Dans son dernier roman paru fin août chez Flammarion, Les lisières (qui passait pour sérieux candidat au Goncourt avant d'être évincé de la première sélection), Olivier Adam, peintre et romancier social d'une France en perdition, fait revenir le narrateur du livre, Paul (qui lui ressemble beaucoup), sur les lieux de son enfance. Une ville sans âme de la périphérie parisienne, où le collège sert de machine à éliminer. Extrait.
"Pour la plupart, l’écrémage avait eu lieu dès le collège, la machine était en marche et elle était impitoyable et bien rodée : CAP ou déscolarisation pour les garçons de la cité, bac pro pour les filles, bac technique pour les lotissements bas de gamme et les pavillons modestes, lycée puis BTS pour les lotissements milieu de gamme, université pour les maisons du centre-ville, grandes écoles, écoles d’ingénieur écoles de commerce pharmacie vétérinaire médecine pour les enfants des résidences haut de gamme.
Bien sûr il y avait des exceptions, dans toutes les classes et dans tous les sens, mon frère et moi en étions la preuve, mais c’était la règle générale, elle était établie depuis longtemps, les classes dominantes s’employaient depuis toujours à la maintenir en l’état, à l’entretenir, la huiler, la lubrifier, la visser, la perfectionner, et ni les politiques ni l’école n’y pourraient jamais grand-chose."
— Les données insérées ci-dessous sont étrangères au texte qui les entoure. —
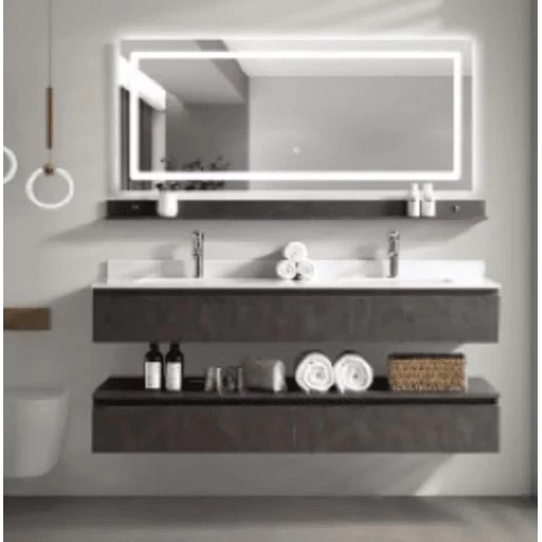 مغسلة بلون خشب رمادي، مقاس 60 سم، تصميم أنيق مزودة بمرايا LED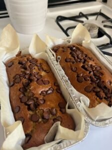 Slice and serve when slightly warm or fully cool. Enjoy your homemade chocolate chip banana bread.

L'œil du romancier voit juste. L'enquête PISA 2009 (le Programme international pour le suivi des acquis des élèves, qui compare les résultats scolaires dans 65 pays) révèle qu'en France, l'école ne parvient pas à corriger les inégalités de départ et que ces inégalités se sont accrues pendant la décennie 2000-2010.
Pire encore, "l'impact du milieu socio-économique sur la performance y est plus grand que la moyenne OCDE". Pour tenir la promesse du candidat Hollande de "redonner espoir aux jeunes générations", il faudra davantage qu'une visite présidentielle au collège Youri Gagarine de Trappes, la veille de la rentrée.